C - Mitch Melusky. Once a promising prospect with a hot bat, his 10 cent head got him in trouble from day one. Well-documented clubhouse cancer whose bad behavior precipitated a trade to Detroit for the team's previous starting catcher, the man he replaced: Brad Ausmus.

1B - Russ Johnson. This one is tough, because no one besides Bagwell and Berkman have been the consistent starter at first for the past decade. Naturally, this thankless position falls to a marginal major leaguer, who had a perfectly serviceable career as a pinch hitter, but was pretty much the textbook definition of vanilla.

2B - Jason Smith. His 2009 spring training showed a lot of promise, with a hot bat and a glove to match. He was a perfect fit for a utility infield role, particularly with injury-prone Kaz Matsui ahead of him on the depth chart. He didn't get a single hit in 21 games in the bigs, and was released.

SS - Julio Lugo. Before he signed to the Dodgers for crazy money, he was just a lanky Astros prospect with an unfortunate tendency to (allegedly) bang his wife's head into car doors outside Minute Maid Park. He was summarily released almost immediately.

3B - Chris Truby. Before Geoff Blum asserted himself as a super-sub, he and Truby fought for the starting job at the hot corner in 2001. Truby wasn't horrid as a starter, but it wasn't enough to keep the team from replacing him with Blum the next year.

LF - Daryle Ward. The most anticipated pudgy Astros slugger since Eric Anthony arrived with a bang, hitting 20 homers in his first full season. But as good as he was with a bat, he was more horrible with a glove. He's been a fourth outfielder and power pinch hitter for six different teams since 2003.

CF - Glen Barker. It's hard to dog on a guy whose main roles were pinch running and late-inning defensive replacement, but once Glen lost a step, he wasn't as good at either. He's now a coach in the Astros system.
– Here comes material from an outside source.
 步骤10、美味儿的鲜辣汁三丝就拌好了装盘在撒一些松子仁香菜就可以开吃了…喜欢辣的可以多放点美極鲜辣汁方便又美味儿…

RF - Jason Lane. Look up "highly touted prospect"; in the dictionary, and you'll see Lane. The risk of prospects is that they are only hypothetically good. Lane wasn't horrible; he had a great glove in RF, and could hit for power, but he wasn't the second coming of Berkman as some hoped he would be. Too inconsistent to be a starter, and bad off the bench as a pinch hitter. Bad combo.

SP - Tim Redding. He now plays for the Nationals, and he's one of their best pitchers. That should be enough, but he's basically Melusky on the mound, all bluster and no talent. He';d lose his head over bad calls and before you knew it, it was a 7 run inning.
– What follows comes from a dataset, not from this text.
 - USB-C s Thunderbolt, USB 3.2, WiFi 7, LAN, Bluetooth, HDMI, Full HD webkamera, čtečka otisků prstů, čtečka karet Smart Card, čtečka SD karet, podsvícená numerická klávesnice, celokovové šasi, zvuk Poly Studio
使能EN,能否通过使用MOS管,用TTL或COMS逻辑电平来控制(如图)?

RP - Dan Miceli. 2 loses in the 2004 NLCS to the freakin’ Cardinals will put you here. The Beltran Year, before that mole-faced traitor took the money and ran to Manhattan, was magic in a way that even the 2005 World Series wasn't. But Miceli couldn't keep the ball down, and so it goes.

Manager - Cecil Cooper. Does this even need to be explained? Really? Okay: bad inter-personal management, bad game management, bad roster management. Wouldn't trust him to manage a Chick-Fil-A on Sunday. Case closed.

The fact that most of the names on this list are also-rans and bench players does tell us that it was a remarkably successful decade for the club, unsurpassed in its history. It may be a while before the shine returns to the club, but in the midst of the current hand wringing about the State of the Franchise, let's not forget how good we've had it.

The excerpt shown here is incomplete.